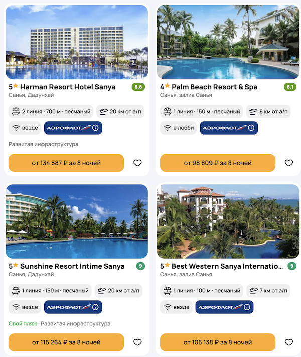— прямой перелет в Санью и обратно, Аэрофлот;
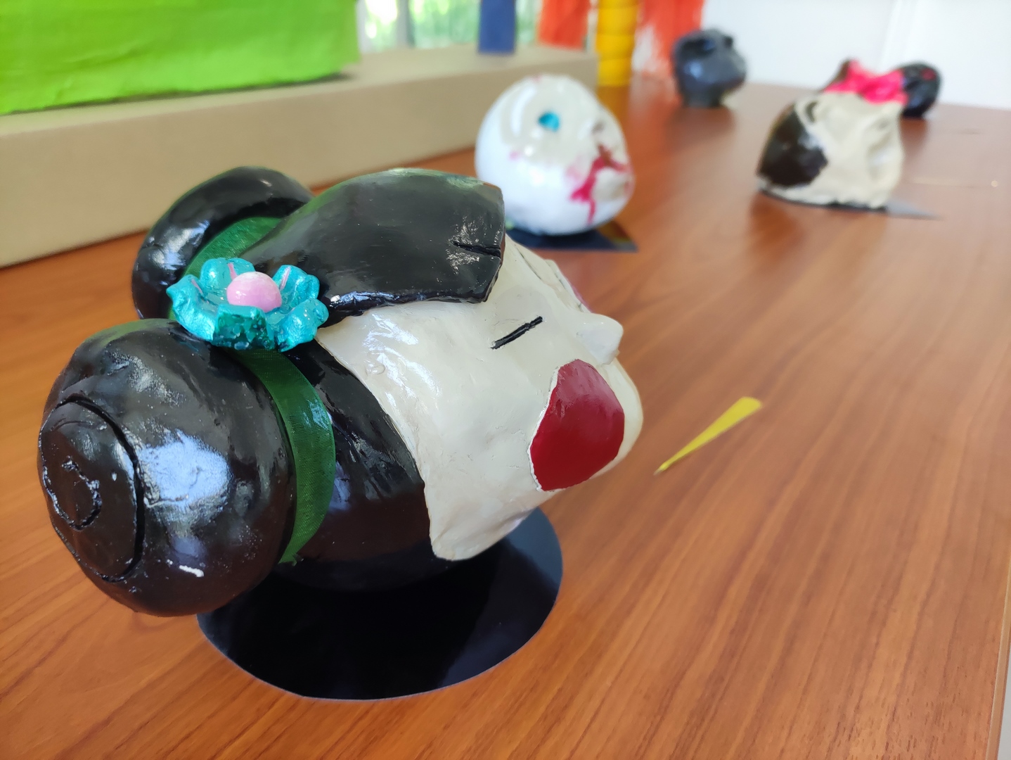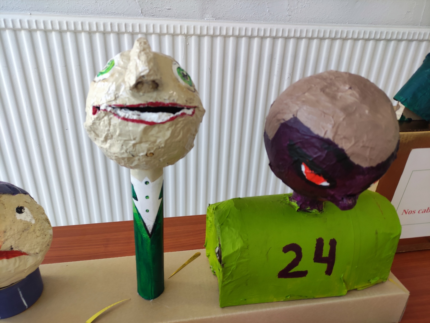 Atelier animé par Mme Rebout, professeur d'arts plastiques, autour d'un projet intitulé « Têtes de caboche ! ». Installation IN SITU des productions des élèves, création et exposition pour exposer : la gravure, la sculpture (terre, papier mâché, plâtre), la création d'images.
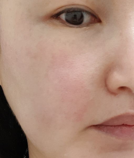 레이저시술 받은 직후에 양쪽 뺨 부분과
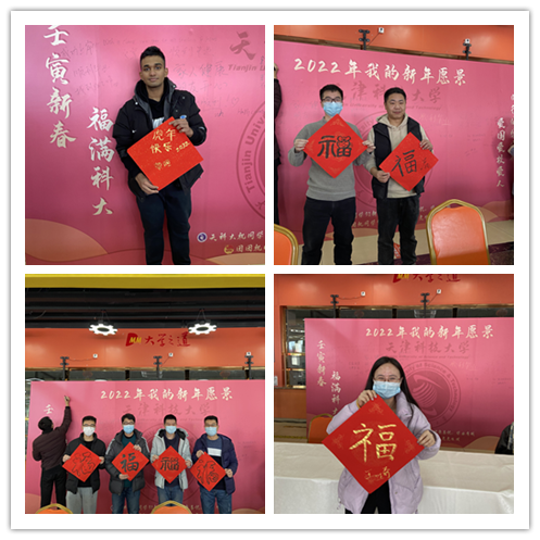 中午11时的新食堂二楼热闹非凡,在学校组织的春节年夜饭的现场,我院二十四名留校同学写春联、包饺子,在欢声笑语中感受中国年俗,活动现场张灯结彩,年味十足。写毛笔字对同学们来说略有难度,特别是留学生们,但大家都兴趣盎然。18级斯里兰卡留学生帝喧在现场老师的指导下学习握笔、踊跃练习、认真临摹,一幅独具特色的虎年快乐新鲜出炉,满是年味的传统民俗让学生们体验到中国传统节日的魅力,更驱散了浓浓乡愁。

☆ ☆ ☆ ☆ ☆ ☆ ☆

**Problem to solve:**
Reproduce the final stretch of lines exactly: the line containing "레이저시술 받은 직후에 양쪽 뺨 부분과" through the last line of the data, both included. Pictures do not belong in the copy.

**Output:**
 레이저시술 받은 직후에 양쪽 뺨 부분과
 中午11时的新食堂二楼热闹非凡,在学校组织的春节年夜饭的现场,我院二十四名留校同学写春联、包饺子,在欢声笑语中感受中国年俗,活动现场张灯结彩,年味十足。写毛笔字对同学们来说略有难度,特别是留学生们,但大家都兴趣盎然。18级斯里兰卡留学生帝喧在现场老师的指导下学习握笔、踊跃练习、认真临摹,一幅独具特色的虎年快乐新鲜出炉,满是年味的传统民俗让学生们体验到中国传统节日的魅力,更驱散了浓浓乡愁。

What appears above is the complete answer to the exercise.